The paper tackles the problem of solving overdetermined least-squares problems by analyzing randomized first-order methods with pre-conditioned gradients, deriving the optimal method and its convergence rate, showing that SRHT embeddings achieve a faster rate than Gaussian embeddings for a given sketch size, and proposing a new algorithm with the best known complexity without condition number dependence.

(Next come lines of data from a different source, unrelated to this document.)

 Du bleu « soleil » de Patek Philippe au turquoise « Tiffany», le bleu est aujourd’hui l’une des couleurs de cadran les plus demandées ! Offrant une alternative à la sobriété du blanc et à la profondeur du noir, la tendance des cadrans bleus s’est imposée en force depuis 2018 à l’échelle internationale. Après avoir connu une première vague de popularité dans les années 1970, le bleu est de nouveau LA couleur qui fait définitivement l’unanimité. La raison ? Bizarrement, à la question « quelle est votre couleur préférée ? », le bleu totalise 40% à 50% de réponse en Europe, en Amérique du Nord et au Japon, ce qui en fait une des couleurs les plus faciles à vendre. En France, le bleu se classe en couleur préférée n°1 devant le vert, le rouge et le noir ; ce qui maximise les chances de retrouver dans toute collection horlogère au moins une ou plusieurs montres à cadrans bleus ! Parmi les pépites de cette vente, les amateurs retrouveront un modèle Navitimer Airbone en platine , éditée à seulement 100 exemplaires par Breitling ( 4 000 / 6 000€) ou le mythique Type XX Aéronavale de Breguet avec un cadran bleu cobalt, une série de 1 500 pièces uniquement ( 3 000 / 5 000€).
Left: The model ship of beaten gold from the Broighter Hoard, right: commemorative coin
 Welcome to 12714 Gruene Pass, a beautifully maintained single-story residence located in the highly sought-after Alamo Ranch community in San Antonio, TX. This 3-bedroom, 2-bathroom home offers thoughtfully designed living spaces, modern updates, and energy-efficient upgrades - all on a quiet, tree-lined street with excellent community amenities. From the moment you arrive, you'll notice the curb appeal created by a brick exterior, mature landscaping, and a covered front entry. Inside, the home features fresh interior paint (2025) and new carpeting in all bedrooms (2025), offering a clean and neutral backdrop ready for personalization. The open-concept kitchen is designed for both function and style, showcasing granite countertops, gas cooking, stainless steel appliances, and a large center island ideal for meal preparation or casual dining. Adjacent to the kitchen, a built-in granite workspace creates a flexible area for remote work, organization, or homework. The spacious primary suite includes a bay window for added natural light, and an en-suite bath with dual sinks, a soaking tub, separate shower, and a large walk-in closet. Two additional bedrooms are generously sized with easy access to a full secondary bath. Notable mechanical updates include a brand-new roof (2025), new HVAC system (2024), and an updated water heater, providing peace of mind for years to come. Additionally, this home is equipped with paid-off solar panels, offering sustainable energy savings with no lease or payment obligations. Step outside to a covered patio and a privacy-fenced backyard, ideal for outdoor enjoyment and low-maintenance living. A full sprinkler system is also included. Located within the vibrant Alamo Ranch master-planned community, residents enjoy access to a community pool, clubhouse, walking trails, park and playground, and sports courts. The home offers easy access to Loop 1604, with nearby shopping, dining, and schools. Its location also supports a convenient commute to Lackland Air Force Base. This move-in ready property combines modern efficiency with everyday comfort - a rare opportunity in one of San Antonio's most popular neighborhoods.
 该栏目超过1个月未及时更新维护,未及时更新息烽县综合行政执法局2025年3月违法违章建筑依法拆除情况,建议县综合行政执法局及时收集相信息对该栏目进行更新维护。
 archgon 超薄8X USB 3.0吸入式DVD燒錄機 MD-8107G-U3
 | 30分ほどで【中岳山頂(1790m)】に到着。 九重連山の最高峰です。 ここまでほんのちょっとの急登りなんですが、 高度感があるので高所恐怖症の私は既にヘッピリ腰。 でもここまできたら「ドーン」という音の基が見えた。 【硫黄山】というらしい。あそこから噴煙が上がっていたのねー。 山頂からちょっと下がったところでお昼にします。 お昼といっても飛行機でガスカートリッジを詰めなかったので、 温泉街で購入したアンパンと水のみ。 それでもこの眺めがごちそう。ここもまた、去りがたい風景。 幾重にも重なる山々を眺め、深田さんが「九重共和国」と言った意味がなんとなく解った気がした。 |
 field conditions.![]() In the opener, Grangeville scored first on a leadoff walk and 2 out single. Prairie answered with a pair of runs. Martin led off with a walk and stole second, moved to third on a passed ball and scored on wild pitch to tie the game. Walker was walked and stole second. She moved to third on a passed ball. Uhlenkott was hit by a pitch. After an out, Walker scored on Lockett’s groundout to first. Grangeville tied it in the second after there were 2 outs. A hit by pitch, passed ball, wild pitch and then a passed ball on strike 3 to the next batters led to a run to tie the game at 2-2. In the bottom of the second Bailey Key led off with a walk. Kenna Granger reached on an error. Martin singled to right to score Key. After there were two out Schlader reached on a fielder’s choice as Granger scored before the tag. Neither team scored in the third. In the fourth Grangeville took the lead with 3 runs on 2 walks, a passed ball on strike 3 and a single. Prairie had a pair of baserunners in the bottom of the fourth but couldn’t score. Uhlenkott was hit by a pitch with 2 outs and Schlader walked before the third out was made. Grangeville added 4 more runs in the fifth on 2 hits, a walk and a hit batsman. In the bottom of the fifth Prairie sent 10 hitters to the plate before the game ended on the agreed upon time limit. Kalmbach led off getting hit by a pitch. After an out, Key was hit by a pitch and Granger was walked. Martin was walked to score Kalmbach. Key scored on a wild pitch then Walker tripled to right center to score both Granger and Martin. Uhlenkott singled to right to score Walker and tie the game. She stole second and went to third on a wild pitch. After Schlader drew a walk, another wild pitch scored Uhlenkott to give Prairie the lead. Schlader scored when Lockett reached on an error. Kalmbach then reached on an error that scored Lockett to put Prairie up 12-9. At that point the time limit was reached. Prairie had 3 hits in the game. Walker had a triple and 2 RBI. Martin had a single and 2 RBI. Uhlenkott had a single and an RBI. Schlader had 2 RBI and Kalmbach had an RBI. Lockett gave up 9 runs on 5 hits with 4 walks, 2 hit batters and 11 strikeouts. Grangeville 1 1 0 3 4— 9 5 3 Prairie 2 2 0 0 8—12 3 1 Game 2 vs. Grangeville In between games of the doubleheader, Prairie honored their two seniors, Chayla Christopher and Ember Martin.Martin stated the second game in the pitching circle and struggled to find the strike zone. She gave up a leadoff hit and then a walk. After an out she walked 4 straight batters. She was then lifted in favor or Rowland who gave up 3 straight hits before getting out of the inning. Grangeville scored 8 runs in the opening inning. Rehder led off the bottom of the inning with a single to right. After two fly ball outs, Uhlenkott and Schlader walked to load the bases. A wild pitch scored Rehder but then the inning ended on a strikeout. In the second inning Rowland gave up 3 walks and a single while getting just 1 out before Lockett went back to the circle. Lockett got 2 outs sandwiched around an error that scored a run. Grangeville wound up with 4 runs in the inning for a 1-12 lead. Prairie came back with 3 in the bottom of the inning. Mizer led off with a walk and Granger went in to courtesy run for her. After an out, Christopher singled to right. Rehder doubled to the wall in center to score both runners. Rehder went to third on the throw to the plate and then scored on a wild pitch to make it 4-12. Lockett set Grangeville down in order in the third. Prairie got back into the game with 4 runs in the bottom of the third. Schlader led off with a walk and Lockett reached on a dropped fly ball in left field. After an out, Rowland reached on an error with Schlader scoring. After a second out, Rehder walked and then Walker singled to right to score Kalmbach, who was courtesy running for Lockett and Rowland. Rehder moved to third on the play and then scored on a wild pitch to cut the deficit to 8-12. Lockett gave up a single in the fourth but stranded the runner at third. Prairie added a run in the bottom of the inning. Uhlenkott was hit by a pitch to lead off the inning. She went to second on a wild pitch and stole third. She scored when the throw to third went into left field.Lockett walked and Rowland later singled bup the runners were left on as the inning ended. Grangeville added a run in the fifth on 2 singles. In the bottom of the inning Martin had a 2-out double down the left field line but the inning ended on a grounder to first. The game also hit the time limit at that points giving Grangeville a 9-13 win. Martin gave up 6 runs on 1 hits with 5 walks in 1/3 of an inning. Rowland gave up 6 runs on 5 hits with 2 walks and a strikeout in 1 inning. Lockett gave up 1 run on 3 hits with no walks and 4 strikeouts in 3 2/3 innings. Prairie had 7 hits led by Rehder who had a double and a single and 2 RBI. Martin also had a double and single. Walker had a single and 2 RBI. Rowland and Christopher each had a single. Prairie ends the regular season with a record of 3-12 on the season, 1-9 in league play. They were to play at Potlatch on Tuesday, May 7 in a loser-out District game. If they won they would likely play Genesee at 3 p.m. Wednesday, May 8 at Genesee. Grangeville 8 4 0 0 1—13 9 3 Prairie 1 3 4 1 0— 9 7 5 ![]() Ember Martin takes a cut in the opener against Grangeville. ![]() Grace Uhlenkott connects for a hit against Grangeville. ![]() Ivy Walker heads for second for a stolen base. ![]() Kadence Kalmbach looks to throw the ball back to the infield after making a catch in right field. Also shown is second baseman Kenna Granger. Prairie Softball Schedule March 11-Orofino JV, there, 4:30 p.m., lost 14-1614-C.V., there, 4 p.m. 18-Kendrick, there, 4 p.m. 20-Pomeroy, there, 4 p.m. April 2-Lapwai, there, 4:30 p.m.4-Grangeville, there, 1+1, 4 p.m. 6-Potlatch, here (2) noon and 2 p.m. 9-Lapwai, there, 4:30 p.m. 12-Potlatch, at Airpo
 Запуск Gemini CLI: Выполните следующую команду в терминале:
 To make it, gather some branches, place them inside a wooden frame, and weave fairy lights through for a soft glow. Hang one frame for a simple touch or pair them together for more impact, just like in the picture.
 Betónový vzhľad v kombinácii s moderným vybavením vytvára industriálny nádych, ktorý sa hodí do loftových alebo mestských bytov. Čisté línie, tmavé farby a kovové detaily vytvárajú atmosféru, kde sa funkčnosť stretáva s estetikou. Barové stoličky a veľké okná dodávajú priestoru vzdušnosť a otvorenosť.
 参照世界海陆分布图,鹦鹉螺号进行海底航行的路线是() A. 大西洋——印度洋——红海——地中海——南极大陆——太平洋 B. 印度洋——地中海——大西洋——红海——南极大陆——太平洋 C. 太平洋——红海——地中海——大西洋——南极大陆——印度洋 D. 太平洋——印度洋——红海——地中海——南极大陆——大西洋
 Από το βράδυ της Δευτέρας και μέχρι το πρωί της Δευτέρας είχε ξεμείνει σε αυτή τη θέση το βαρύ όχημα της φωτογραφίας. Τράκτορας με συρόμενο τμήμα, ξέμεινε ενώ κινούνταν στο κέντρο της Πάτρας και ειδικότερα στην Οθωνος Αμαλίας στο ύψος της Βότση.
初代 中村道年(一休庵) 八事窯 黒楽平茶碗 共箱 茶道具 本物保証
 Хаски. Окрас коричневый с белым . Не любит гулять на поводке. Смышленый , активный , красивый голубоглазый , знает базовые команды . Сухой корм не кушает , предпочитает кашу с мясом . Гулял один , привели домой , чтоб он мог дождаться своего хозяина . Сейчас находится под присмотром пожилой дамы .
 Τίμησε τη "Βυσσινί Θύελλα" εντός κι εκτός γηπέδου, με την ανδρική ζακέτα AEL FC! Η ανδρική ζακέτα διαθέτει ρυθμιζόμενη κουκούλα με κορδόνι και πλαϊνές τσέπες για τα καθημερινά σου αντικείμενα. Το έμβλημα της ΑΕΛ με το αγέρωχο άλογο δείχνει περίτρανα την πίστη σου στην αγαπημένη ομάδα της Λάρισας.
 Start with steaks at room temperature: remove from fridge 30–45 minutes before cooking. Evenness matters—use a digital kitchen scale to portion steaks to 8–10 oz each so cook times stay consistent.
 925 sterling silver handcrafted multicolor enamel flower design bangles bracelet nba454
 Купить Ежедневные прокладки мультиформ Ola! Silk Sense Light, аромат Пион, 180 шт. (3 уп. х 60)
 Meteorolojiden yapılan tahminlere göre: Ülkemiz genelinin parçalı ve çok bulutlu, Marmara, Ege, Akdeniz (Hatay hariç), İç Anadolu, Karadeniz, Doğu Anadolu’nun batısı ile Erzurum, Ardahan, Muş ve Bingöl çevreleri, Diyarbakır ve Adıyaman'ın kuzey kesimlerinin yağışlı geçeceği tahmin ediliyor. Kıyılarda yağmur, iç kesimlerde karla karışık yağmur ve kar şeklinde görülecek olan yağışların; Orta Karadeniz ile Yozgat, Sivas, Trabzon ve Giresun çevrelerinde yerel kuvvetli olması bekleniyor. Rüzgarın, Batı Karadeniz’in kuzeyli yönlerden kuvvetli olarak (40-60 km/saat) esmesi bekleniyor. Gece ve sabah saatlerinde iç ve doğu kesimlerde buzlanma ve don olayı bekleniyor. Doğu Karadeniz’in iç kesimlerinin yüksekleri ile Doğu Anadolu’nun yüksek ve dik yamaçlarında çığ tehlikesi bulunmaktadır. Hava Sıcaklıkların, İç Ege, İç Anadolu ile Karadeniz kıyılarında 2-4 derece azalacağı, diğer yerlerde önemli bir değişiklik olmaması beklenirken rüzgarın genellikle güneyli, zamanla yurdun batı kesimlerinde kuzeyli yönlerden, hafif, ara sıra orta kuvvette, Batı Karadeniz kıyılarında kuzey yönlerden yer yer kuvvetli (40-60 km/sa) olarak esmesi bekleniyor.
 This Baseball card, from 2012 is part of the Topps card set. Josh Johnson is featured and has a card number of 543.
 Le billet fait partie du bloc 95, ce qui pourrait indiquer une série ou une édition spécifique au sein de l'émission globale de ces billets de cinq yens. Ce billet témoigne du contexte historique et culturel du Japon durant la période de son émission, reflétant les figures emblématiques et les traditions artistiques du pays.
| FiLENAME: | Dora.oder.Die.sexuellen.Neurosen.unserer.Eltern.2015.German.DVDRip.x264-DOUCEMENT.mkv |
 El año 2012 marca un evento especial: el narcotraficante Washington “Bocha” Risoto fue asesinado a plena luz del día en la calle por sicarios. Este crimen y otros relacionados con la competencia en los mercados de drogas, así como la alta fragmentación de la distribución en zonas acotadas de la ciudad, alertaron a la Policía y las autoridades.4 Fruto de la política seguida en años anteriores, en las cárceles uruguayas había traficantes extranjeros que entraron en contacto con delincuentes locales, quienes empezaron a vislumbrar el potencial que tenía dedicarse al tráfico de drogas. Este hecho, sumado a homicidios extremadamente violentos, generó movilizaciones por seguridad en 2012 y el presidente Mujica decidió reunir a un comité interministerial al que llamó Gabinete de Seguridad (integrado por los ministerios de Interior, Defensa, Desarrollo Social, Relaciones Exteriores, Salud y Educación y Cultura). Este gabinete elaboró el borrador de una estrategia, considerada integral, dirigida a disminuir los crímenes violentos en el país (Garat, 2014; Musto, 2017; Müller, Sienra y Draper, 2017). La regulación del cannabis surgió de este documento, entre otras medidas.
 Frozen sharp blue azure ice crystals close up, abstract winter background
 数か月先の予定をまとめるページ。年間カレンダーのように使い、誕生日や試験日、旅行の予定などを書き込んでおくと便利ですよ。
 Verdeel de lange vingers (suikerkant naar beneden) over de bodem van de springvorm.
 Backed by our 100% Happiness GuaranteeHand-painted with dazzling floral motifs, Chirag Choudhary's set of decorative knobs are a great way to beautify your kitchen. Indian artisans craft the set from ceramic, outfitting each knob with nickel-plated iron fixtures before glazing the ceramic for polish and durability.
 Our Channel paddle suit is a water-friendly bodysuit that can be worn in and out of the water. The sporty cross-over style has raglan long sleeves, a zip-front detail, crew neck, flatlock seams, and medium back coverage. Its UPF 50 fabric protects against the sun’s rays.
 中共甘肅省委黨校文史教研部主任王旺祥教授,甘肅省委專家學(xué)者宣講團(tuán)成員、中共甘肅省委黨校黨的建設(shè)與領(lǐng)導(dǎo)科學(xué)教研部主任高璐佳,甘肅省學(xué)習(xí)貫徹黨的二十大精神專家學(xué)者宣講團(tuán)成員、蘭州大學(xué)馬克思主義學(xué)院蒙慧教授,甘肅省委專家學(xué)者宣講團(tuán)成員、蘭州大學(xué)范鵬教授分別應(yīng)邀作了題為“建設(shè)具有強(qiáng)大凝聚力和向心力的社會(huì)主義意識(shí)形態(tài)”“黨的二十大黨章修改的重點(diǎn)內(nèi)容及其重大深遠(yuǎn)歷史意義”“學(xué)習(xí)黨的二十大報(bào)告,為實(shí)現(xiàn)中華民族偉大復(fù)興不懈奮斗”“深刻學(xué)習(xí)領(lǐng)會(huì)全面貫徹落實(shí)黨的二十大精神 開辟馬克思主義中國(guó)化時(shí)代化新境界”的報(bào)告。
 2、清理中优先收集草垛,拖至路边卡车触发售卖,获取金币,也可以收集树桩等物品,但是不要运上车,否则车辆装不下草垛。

We provide an exact analysis of a class of randomized algorithms for solving overdetermined least-squares problems. We consider first-order methods, where the gradients are pre-conditioned by an approximation of the Hessian, based on a subspace embedding of the data matrix. This class of algorithms encompasses several randomized methods among the fastest solvers for least-squares problems. We focus on two classical embeddings, namely, Gaussian projections and subsampled randomized Hadamard transforms (SRHT). Our key technical innovation is the derivation of the limiting spectral density of SRHT embeddings. Leveraging this novel result, we derive the family of normalized orthogonal polynomials of the SRHT density and we find the optimal pre-conditioned first-order method along with its rate of convergence. Our analysis of Gaussian embeddings proceeds similarly, and leverages classical random matrix theory results. In particular, we show that for a given sketch size, SRHT embeddings exhibits a faster rate of convergence than Gaussian embeddings. Then, we propose a new algorithm by optimizing the computational complexity over the choice of the sketching dimension. To our knowledge, our resulting algorithm yields the best known complexity for solving least-squares problems with no condition number dependence.